An employee’s normal hours of work is one of the pieced of information that has to be put in writing to the employee within two months of the commencement of the employment.

Under the Working Time Regulations 1998 there is a cap on the hrs of work that a worker may work in a week. The limit is set at 48 hours per week. There are some important exemptions to this restriction. In particular those people, whose working time is not measured or pre-determined or can be determined by themselves, are exempt from the 48 hours limit.

This will apply to many managing executives, and family business workers. The 48 hour limit is one taken as an average over 17 weeks. This enables shorter bursts of work within that period to include working in access of 48 hours in a week, so long as the average still comes within the 48 hours limit.

Working time is defined as including any period in which the individual is actually working, at the employer’s disposal and carrying out his/her activities or duties, plus any period of relevant training. Such training will include any work experience or training course or programme of training for employment. The working time also includes business travel time (but not normal travel to usual workplace from home and back).
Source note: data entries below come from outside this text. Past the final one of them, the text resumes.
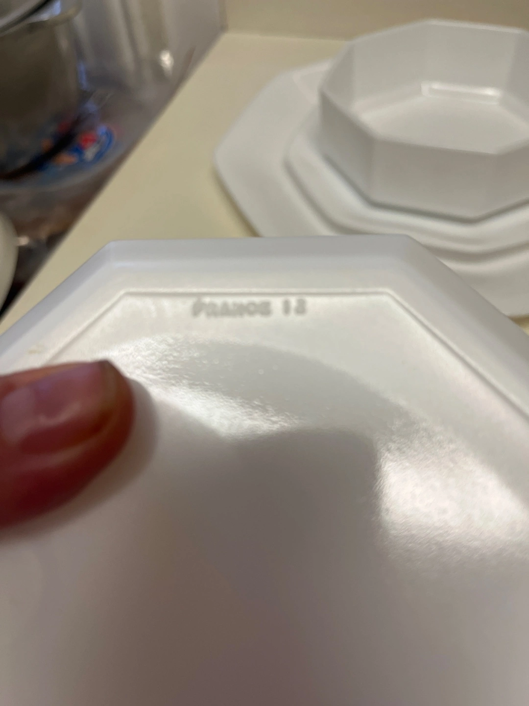 Two vintage Franciscan Desert Rose octagon shaped dinner plates and bowls. White color. Perfect for a casual dinner setting.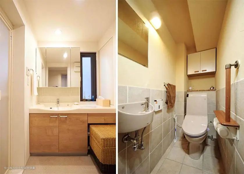 有条件的可以将洗手盆在外面单独开辟空间,至于洗衣机,厨房和阳台都是选择,甚至是厨卫一墙之隔的过道走廊皆可利用(只要能解决上下水问题)。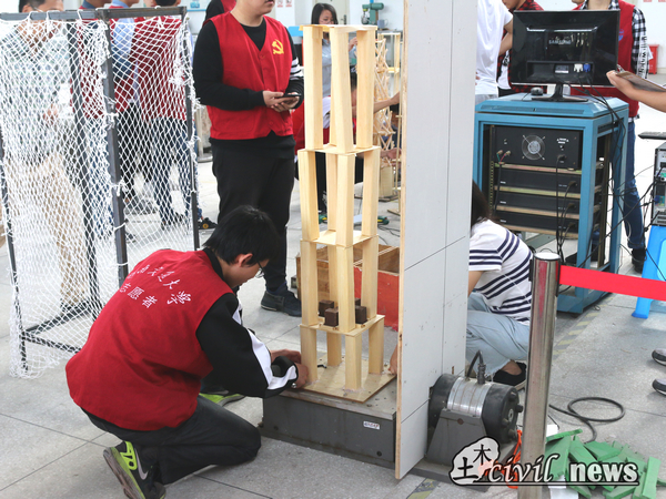 开场白后,比赛正式开始。第一个上场的组是来自大一的,一共三人,两人在搭建模型的同时,另一位队友罗源正在进行答辩。他介绍到:“我们是第一次参加这种比赛,可能有许多不足的地方。我们的想法是将质量大部分集中在模型的底部,来增加稳定性。希望通过这次比赛吸取经验,为以后参赛做准备。”搭建结束后是加载环节,选手们把模型放到加载台上,用泡沫板和胶带进行固定,有工作人员通过电子设备施加地震波。加载环节一共进行三次,第一次施加的是汶川地震时的地震波,之后每次加载,波强度都会有一定程度上的增加。当第一组选手三次加载都成功时,观众席响起了掌声。此时,李力老师点评道:“来自大一的同学能做到这种程度已经很不错了,如果能在细节方面和模型的重量方面再完善一下就更好了,希望你们再接再厉!”

Time spent “on –call” will count as working time if spent at the work place, even if not actually performing work for some of that time. If the individual “on-call” can genuinely pursue his/her interests away from the work place, any such time spent away from actual work will NOT count as working time. These rules may pose particular problems for nursing homes and other organisations providing 24 hour care services.
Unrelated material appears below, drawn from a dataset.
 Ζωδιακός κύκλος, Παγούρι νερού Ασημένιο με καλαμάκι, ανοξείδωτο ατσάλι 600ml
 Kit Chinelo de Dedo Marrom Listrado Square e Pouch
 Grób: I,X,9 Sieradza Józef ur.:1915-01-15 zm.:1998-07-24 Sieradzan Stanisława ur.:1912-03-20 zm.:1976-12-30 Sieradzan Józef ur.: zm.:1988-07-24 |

Under the Working Time Regulations it is permissible for individuals to opt-out of the 48 hour limit.

Rest breaks do not count as working time under the regulations. The Working Time Regulations also stipulate minimum daily rest breaks, weekly rest breaks, and a minimum break entitlement during a working day.

There are distinct rules on night work, and the limits on night work. In addition there are rules which restrict the hours of work of young workers, and people under school leaving age.